Frame by Frame

Benjamin Swett’s meditations on a life lived through photography

Frame by Frame
Robert Adams, Long Beach from Signal Hill, looking toward Palos Verdes, California, 1985. Courtesy of the artist and Matthew Marks Gallery

Hi everyone,

More than a year ago, I wrote about how new technologies, like our most-used apps, can be used as tools for accessing and reflecting upon our experiences, emotions, and memories. Photography is itself one such technology, disclosing things about ourselves and our environments that we would not otherwise notice. This week, I return to the subject of photography with some notes on The Picture Not Taken (buy in the US or Canada), a new book by writer and photographer Benjamin Swett.

The world is abundant,
Brian


Frame by Frame

Jochen Lempert, Flamingo (Shadow and Reflection), 2024. From an exhibition currently on view at ProjecteSD, Barcelona.

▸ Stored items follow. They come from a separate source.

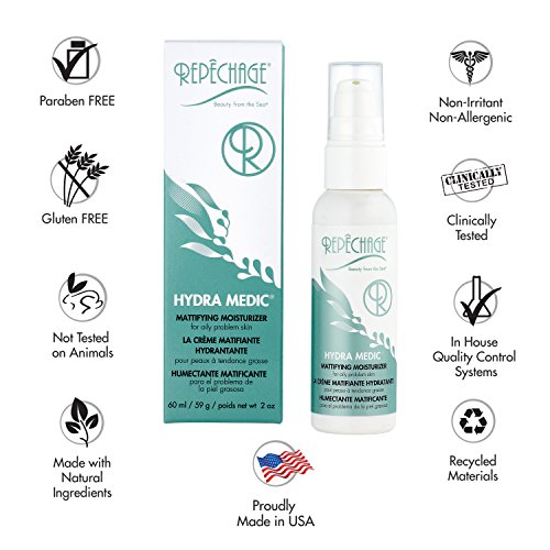 This professional-grade mattifying moisturizer is part of the award-winning collection Hydra Medic by Repechage. Repechage, since 1980, is the leading seaweed-based professional skin care line trusted by salons and spas worldwide.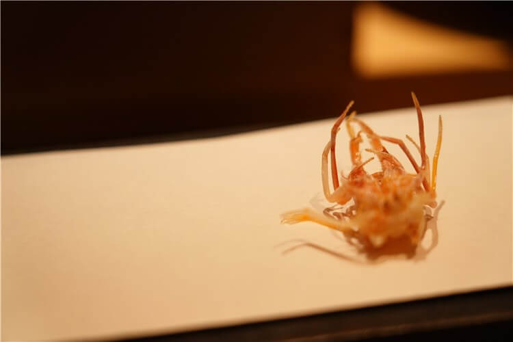 「ひのきざか - 天麩羅」では、シェフが厳選した旬の食材をお客様のご注文に合わせ丁寧にお揚げします。最高級のベニ花油一番搾りを使うことで軽い口あたりでありながら、風味豊かな天麩羅をお楽しみいただけます。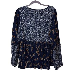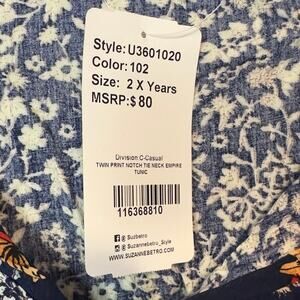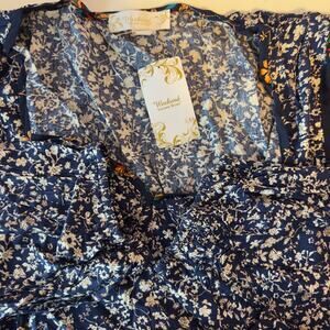 NWT Weekend Suzanne Betro Women’s Floral Tassel Blouse Size 2X Navy Blue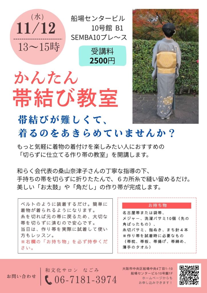簡単帯結び教室 2025 11/06 2025年11月2日2025年11月6日 イベント詳細 日付: 2025年11月12日 1:00 PM – 3:00 PM カテゴリ: 和文化教室/サロン *船場センタービルB1 SEMBA10プレ~スで行います お問合せ・お申込み TEL Mail よかったらシェアしてね! URLをコピーしました! URLをコピーしました! 民謡教室 新やまと文字体験会(おもてなし書道)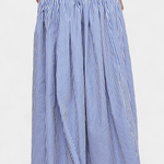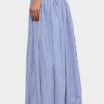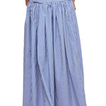 Majken | Sæt udstråler strukturel finesse og naturlig elegance gennem en stribet højhalset skjorte og en plisseret jacquard-nederdel. Med premium materialer og gennemført håndværk fremstår sættet eksklusivt uden at være påtrængende. Den begrænsede produktion bevarer sjældenhed og samlerværdi, samtidig med at den signalerer brandets arv og integritet. Kombinationen af striber og tekstur udtrykker moderne kystinspiration og tidløs elegance, mens det justerbare bælte fremhæver taljen og nederdelens sculpturale bevægelse.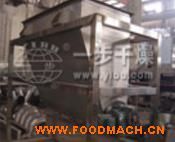 物料由加料器均勻地鋪在網(wǎng)帶上,網(wǎng)帶一般采用12-60目不銹鋼絲網(wǎng),由傳動裝置拖動在干燥機內(nèi)移動。干燥機由若干單元組成,每一單元熱風獨立循環(huán),部分尾氣由專門排濕風機排出,廢氣由調(diào)節(jié)閥控制,熱氣由下往上或由上往下穿過鋪滿物料的網(wǎng)帶完成熱量與質(zhì)量傳遞的進程,帶走物料水份。網(wǎng)帶緩慢移動,運行速度可根據(jù)物料溫度自由調(diào)節(jié),干燥后的成品連續(xù)落入收料器中。上下循環(huán)單元根據(jù)用戶需要可靈活配備,單元數(shù)量亦可根據(jù)需要選取。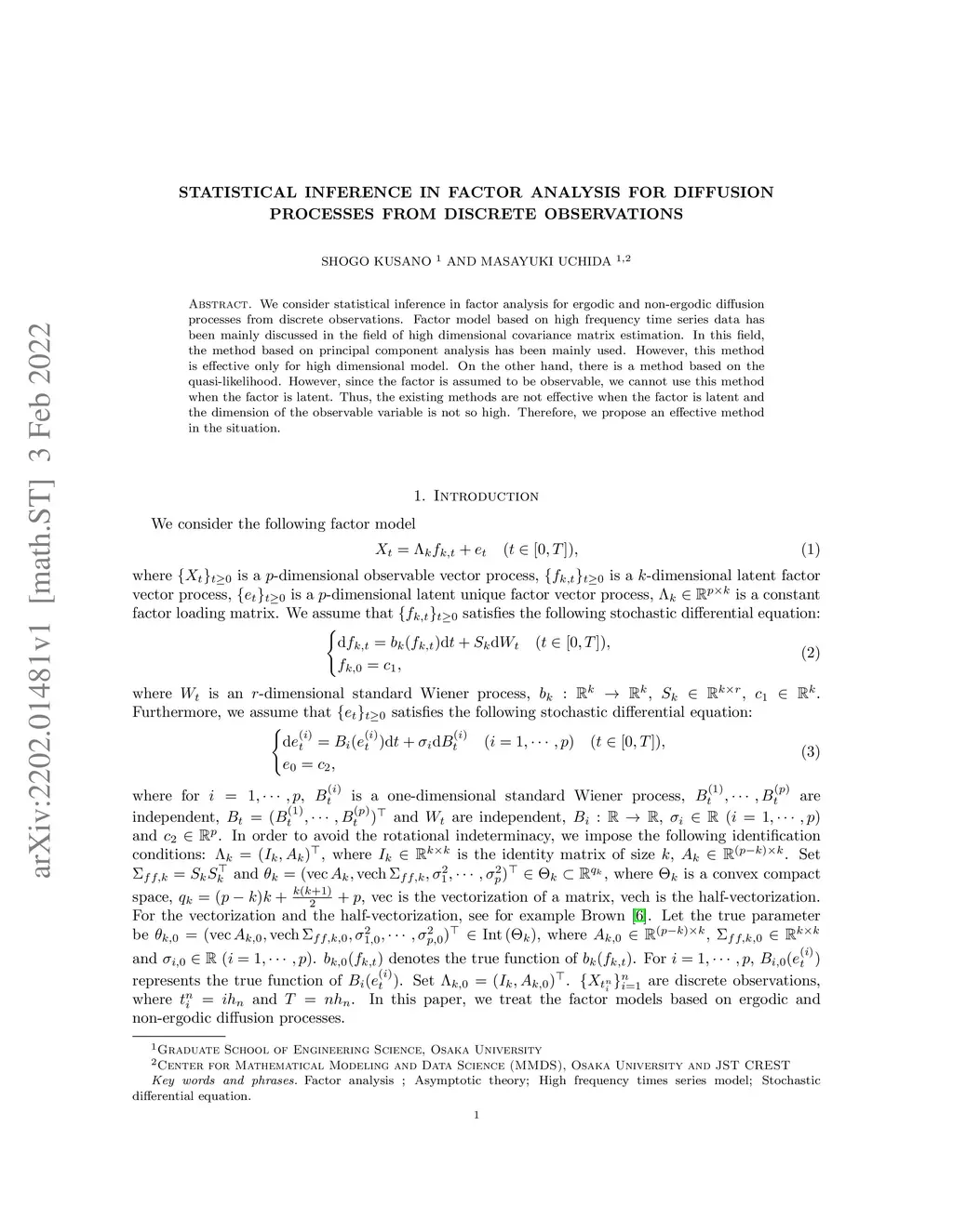 Statistical inference in factor analysis for diffusion processes from

“The camera sees more than the photographer.” This line, early in Benjamin Swett’s new book, distills a certain truth. Someone taking a picture is usually focused on a particular element within the frame, but the camera dutifully, mechanically, records both that subject and everything else in the scene. Yet by the end of the essay collection, Swett, who is himself a photographer and writer, has shown by example that we can catch up. Studying pictures, whether they are artful or pedestrian, can disclose to us all that the camera saw. And by stitching those details into the stories that shape our world, we both gain new insights and give the pictures new meanings.

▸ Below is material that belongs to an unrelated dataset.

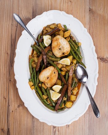 Kurz bevor die Kartoffeln weich sind, Fisolen beigeben und noch einmal aufkochen. Mit Smokey Salt abschmecken.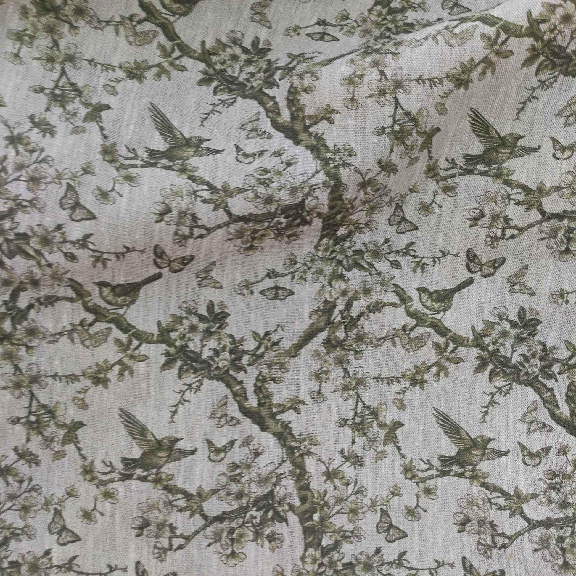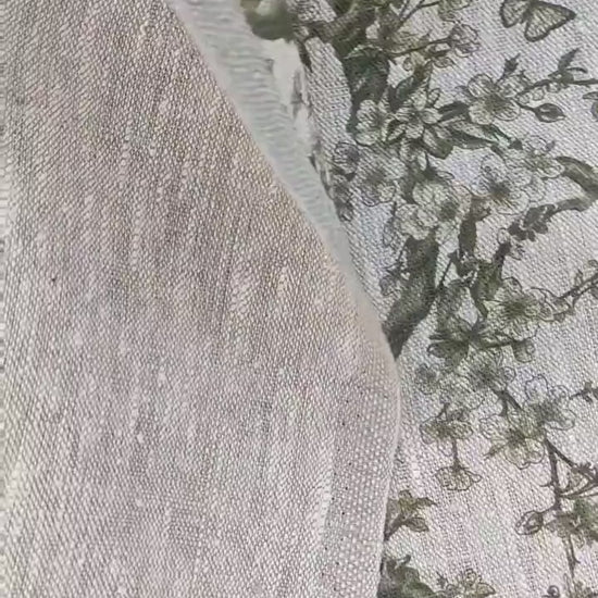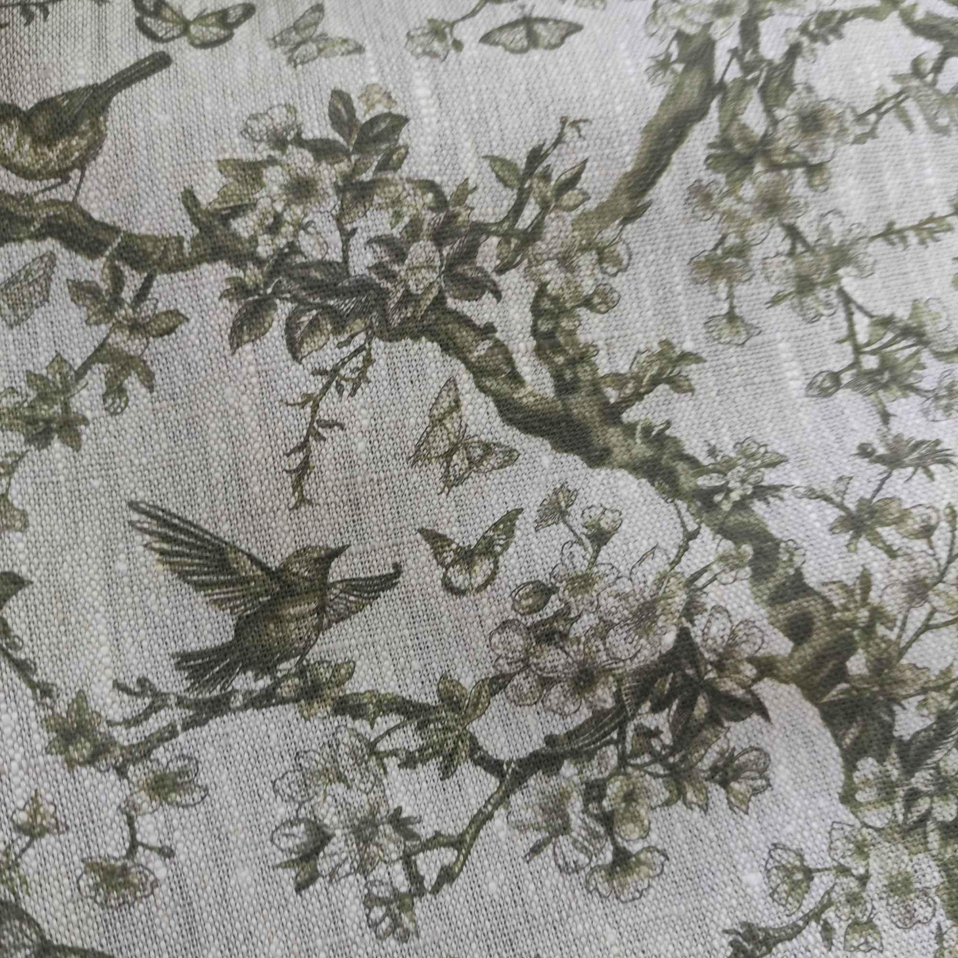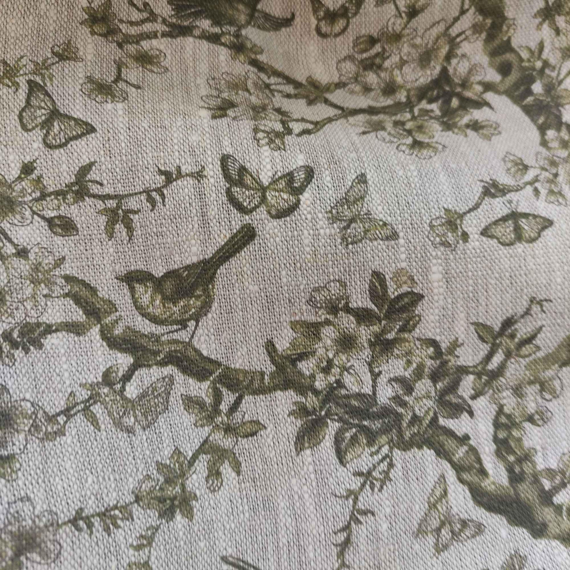 100% LINEN Fabric Toile de Jouy green, oatmeal natur linen fabric with green print, French linen fabric upholstery trees branches with birds

The book’s eight essays explore people, places, and important moments in the past. There is Coney Island and Robert Moses’s urban redevelopment; Baltimore at midcentury, a site of both individual and systemic racism; climate change and biodiversity on the Galápagos Islands; and Henry David Thoreau, Shaker buildings, and industrial meatpacking in Chicago.

Throughout the book, Swett also weaves a family story, one of generational legacies. There is his great-great grandfather, the treasurer of one of late-nineteenth-century Chicago’s most powerful companies, and his grandmother, who stewards the baby grand piano she inherited from him. Swett also writes movingly and perceptively about his father and his three children.

These landscapes and lives are framed by photography—both pictures and the act of taking them. Why? “Because a photograph, when it is taken, represents a moment of intense and sudden love and insight for something visible in the world—for the world itself, or for life, or for one’s own self; a moment of connection that momentarily dissolves the barriers between the photographer and the things around him, outside him.” Swett reiterates this conviction, with variations, throughout the book.

The opening essay, titled “VR,” is something of a red herring. Instead, his photographic world is resolutely analog—film, contact sheets, mechanical shutters. His references are primarily to photographers of the middle and late twentieth century: Lee Friedlander and Henri Cartier-Bresson, Stephen Shore and Sally Mann. Likewise, though the book includes reproductions, none of these figures’ photographs appear. For it’s not a book of photographic criticism, but rather of what are sometimes called familiar essays. It puts me in mind of figures like Sven Birkerts, who has previously published Swett’s writing, and Emily Fox Gordon. It’s the Janet Malcolm of the late memoir Still Pictures rather than the Malcolm of Diana & Nikon.

As with Still Pictures, much of the pleasure in The Picture Not Taken is in watching Swett recalibrate his feelings about himself and the people he loves. The writing performs this recalibration; it’s flecked with pauses, extra clauses, light modifications of what’s just come before. Swett’s ruminative, leisurely examinations occasionally condense into poetry: the “wild splays of light” that come through windows or “the independent way the sun works in the world.” (Of course the photographer is so attuned to light.)

But a few times in the book, a sentence unspools across nearly an entire page. In the final essay, describing a moment when, perhaps out of the corner of your eye, you see a picture in the world around you, he writes: “it is as if for that moment a hole is cut in your egoism and you can peer through at a much larger reality on the other side, a reality that you don’t normally notice or acknowledge while picking your way through traffic.” I’ve ended it there, but Swett continues the line almost deliriously, taking in many small splendors.

That sentence is in the essay from which the book gets its title, the longest in the collection. In it, Swett exposes perhaps the most painful moment in his life, juxtaposing it tenderly with stories of his ancestors, of literature, of industrialism and the Great Migration and white flight, and of his shifting relationship to the people and the artistic practice he loves. On one snowy day he finds himself exploring half-abandoned infrastructure on Chicago’s south side, camera in hand. He’s waiting for a picture to emerge, and while he does so, “the vast everything that happens happened.”